LaRouche and his cohorts entered PLP in 1968, which he considered the most coherent Marxist faction of the Students for a Democratic Society (SDS). It is interesting -- both PLP and NCLC came out of the Old Left. PLP was founded in 1962 as a split from the Communist Party. Its leader, Milt Rosen, was the same age as LaRouche, a middle-aged communist leading college revolutionaries. Many leaders of the New Left in the 60s were also Red Diaper babies. There was more continuity between the Old Left and New Left than most realize. LaRouche entered PLP and SDS just as the Columbia University student strike began in April 1968, and the later NYC public school teachers strike against the Board of Education from May-November 1968. LaRouche's group became major players in both events. The United Federation of Teachers (UFT) strike was particularly contentious. The new community-controlled school board in the largely black Ocean Hill-Brownsville neighborhood of Brooklyn fired a group of white unionized teachers, and the UFT went on strike. Ninety-three percent of the city's 58,000 teachers walked out. The left divided on the strike--some supporting black community control, and others supporting organized labor. NCLC supported the union; most of the New Left supported local community control and called the UFT racist. This was one of the defining moments of the New Left. It may be the birthplace of identity politics that followed the demise of the New Left. There is a huge academic literature on the Ocean Hill-Brownsville conflict.

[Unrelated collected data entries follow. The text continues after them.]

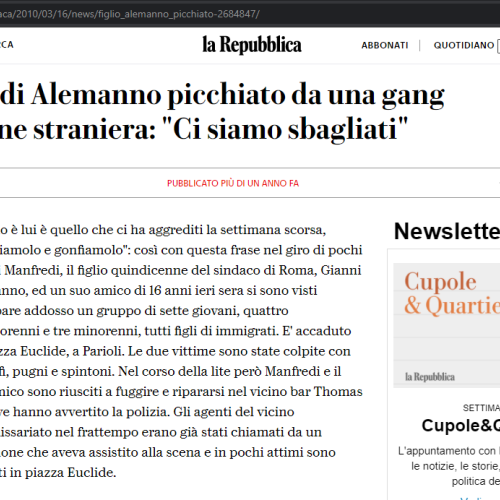 Figlio di Alemanno picchiato da cinque immigrati a Roma
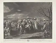 Hearing that the French were nearer to Hondschoote than most of his covering force, at 8:00 pm Freytag gathered his soldiers into two columns and began to retreat toward Rexpoëde, believing the village was still in Coalition hands. When the right column reached Rexpoëde, it was charged by French cavalrymen who wounded and captured Freytag. The right column recoiled from the village and stumbled cross-country, but Johann Ludwig, Reichsgraf von Wallmoden-Gimborn leading the left column attacked Rexpoëde. The Hanoverians rescued Freytag and routed the French from the village, reaching Hondschoote early the next morning. Houchard and Jourdan spent all of 7 September rallying the center column at Herzeele.[8] Bussche was also credited with the recapture of Rexpoëde and the freeing of Freytag.[1] On 8 September Houchard with 22,000 soldiers defeated Wallmoden with 14,600 at Hondschoote after a stiff fight.[9] The Duke of York abandoned the siege that day and withdrew.[4]
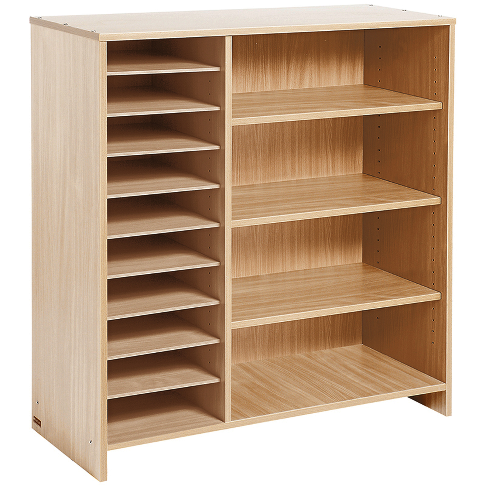Meuble à 10 cases formées par 9 tablettes et 3 étagères dont 2 réglables.• Meuble à 10 cases formées par 9 tablettes et 3 étagères dont 2 réglables, idéal pour le rangement individuel de chaque enfant.
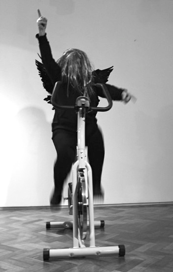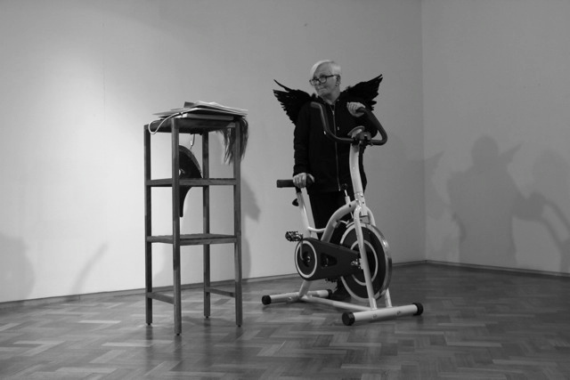 A 30 minute performance where I test run my newly acquired exercise bike. During the ride I demonstrate its value as an aid to enjoyment and creativity, drawing on a range of subjects from colour theory to American rappers, philosophy, feminism and fashion.
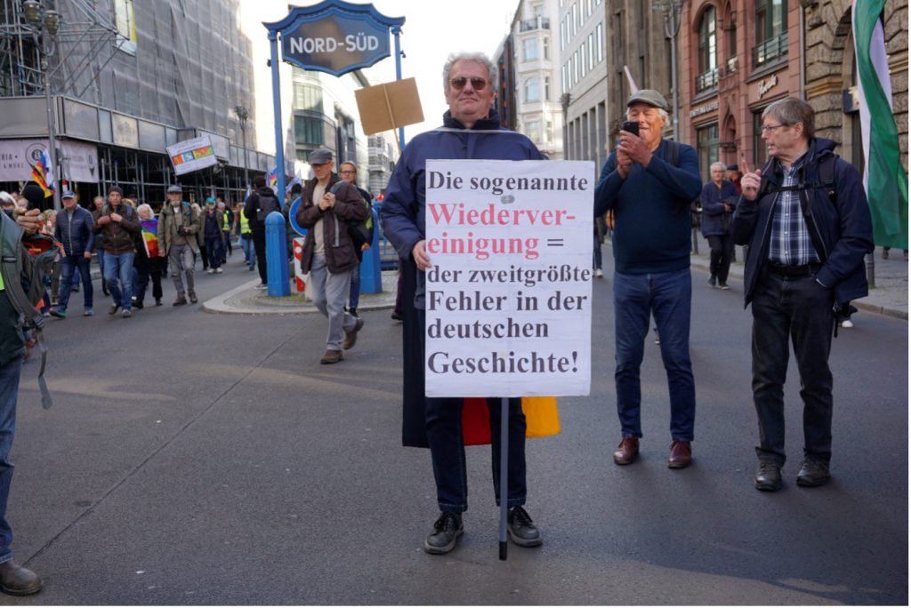 Auf der Berliner Friedensdemonstration sorgte Ortnit Wetterau aus Halle (Saale) für Aufsehen, indem er neben seiner Friedensbotschaft offen eine DDR-Fahne trug. Der Physiker, der sein Studium 1985 in dem Land begann, das vor 35 Jahren verschwand, sieht dieses Symbol nicht als Nostalgie, sondern als scharfe Kritik an der heutigen Politik, die er als „gefährlichen Wahnsinn“ brandmarkt. Für ihn sind Marktwirtschaft und Kapitalismus „sowas von durchgefallen“.
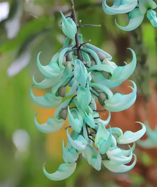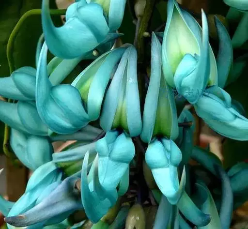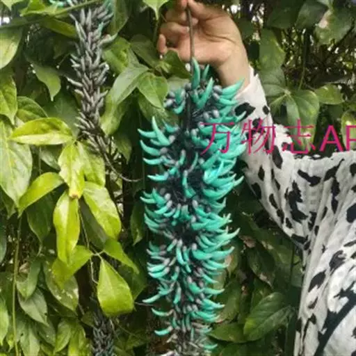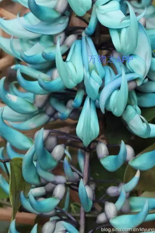 花两性,春季至初夏开花,蓝绿色,形似鸟爪,多朵小花成簇聚集在一起,组成长达90-150厘米或更长的下垂的总状花序,极为壮观。它的花是很独特的蓝绿色,这在植物界几乎是独一无二的,花悬挂于茂密的叶丛中,看上去就像发出冷光一样,极其迷人。非常漂亮。
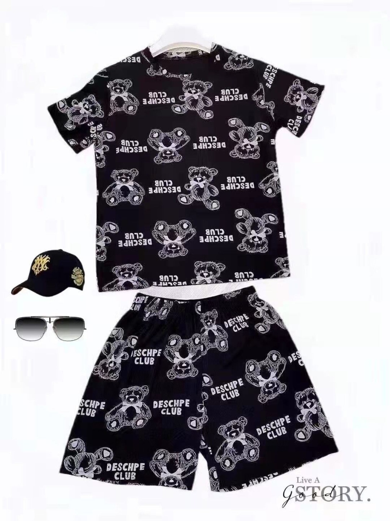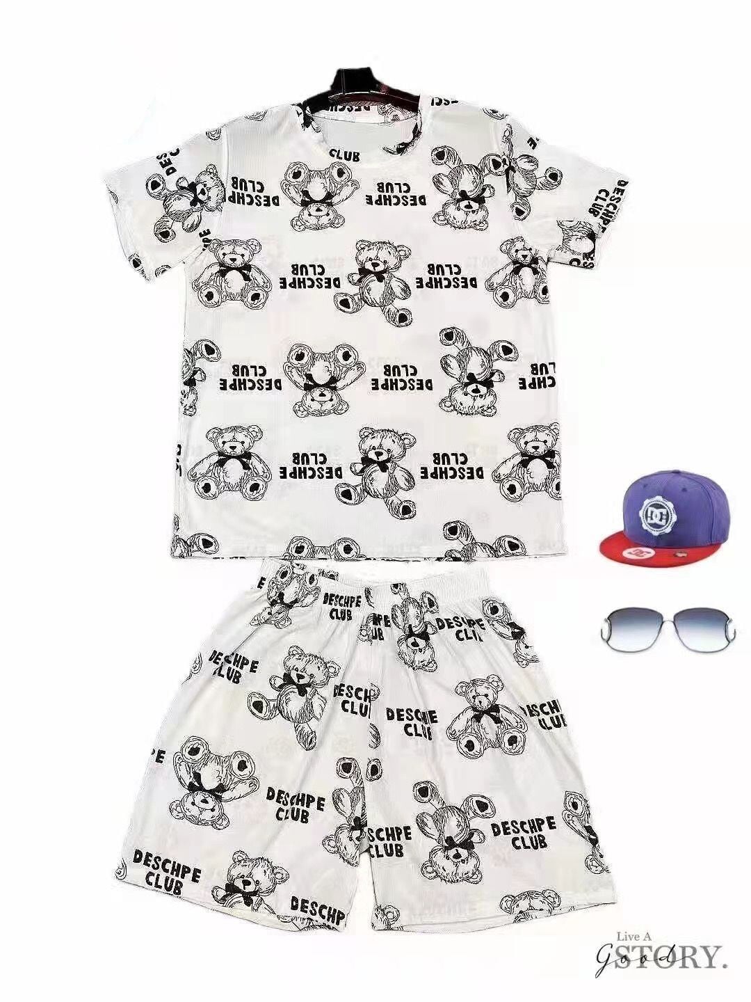 L 胸囲108 着丈68 袖丈21 肩幅51 パンツの長さ49 ヒップ110
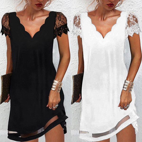 Crafted from soft and breathable fabric,with a loose silhouette,this dress can offer you a comfortable day. Meanwhile,the lace spliced short sleeve and v-neck design can enhance your feminine appeal. For your summer days,this dress that combines of sassy and flirty vibes is worth to arouse your attention.
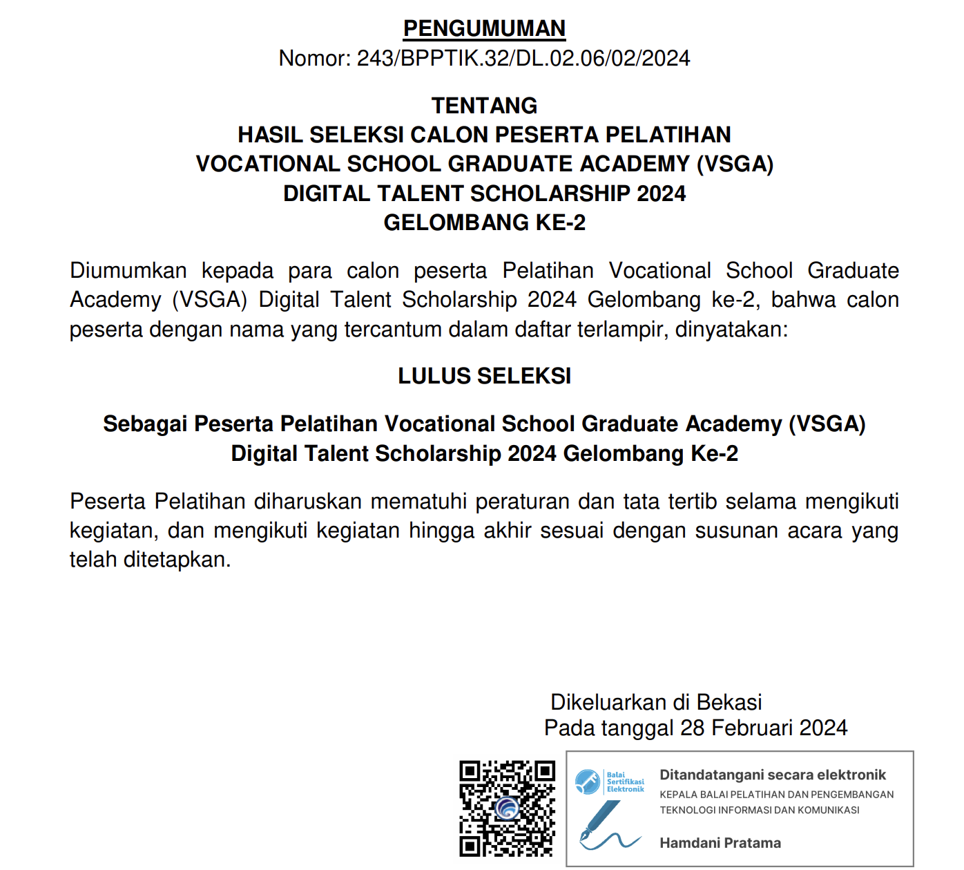 Pengumuman Hasil Seleksi Calon Peserta Pelatihan Program VSGA DTS 2024 Gelombang Ke-2

United Federation of Teachers (UFT) strike
the NYC School Board 1968
NCLC is one of the few groups that grew in the aftermath of the collapse of SDS in 1968. They claimed to have 1000 members in 1973, perhaps its zenith. Some of that history was in my hometown of Philadelphia, which I recounted in my book review of Steve Fraser's The Age of Acquiescence: The Life and Death of American Resistance to Organized Wealth and Power. Fraser was the local leader of NCLC in Philadelphia from 1967-1971. NCLC was most active at Temple University, Swarthmore College, and University of Pennsylvania, and made efforts reach Philadelphia high school students. They held their founding national conference at the University of Pennsylvania in March 1969, after participating in the six-day student strike at Penn in February 1969 opposing the new University City Science Center in West Philadelphia. Paul Lyon's The People of This Generation: The Rise and Fall of the New Left in Philadelphia (2003) covers this local history in more detail. In February 1971 Steve Fraser broke with the NCLC, and took one-third of the membership with him to form a new organization, which did not last long. Fraser felt LaRouche was not effectively supporting his legal defense against charges of a bomb plot. He did not want to go to jail as a NCLC martyr. Fraser wanted to engage a broad left coalition in his legal case, and pursue a pluralist non-sectarian brand of socialism. LaRouche took NCLC in a different direction, attacking rival New Left groups (“mop-up the left”) and swinging to the right.

Herein How It All Began concludes. NCLC attracted many talented activists in these early years. The author HH vividly describes the hothouse atmosphere in the student New Left as I remember it. Just like the 1930s, revolutionary change seemed just around the corner. It also portrays the insular life in a left sect, or cult, which is the sad fate of too many socialist organizations.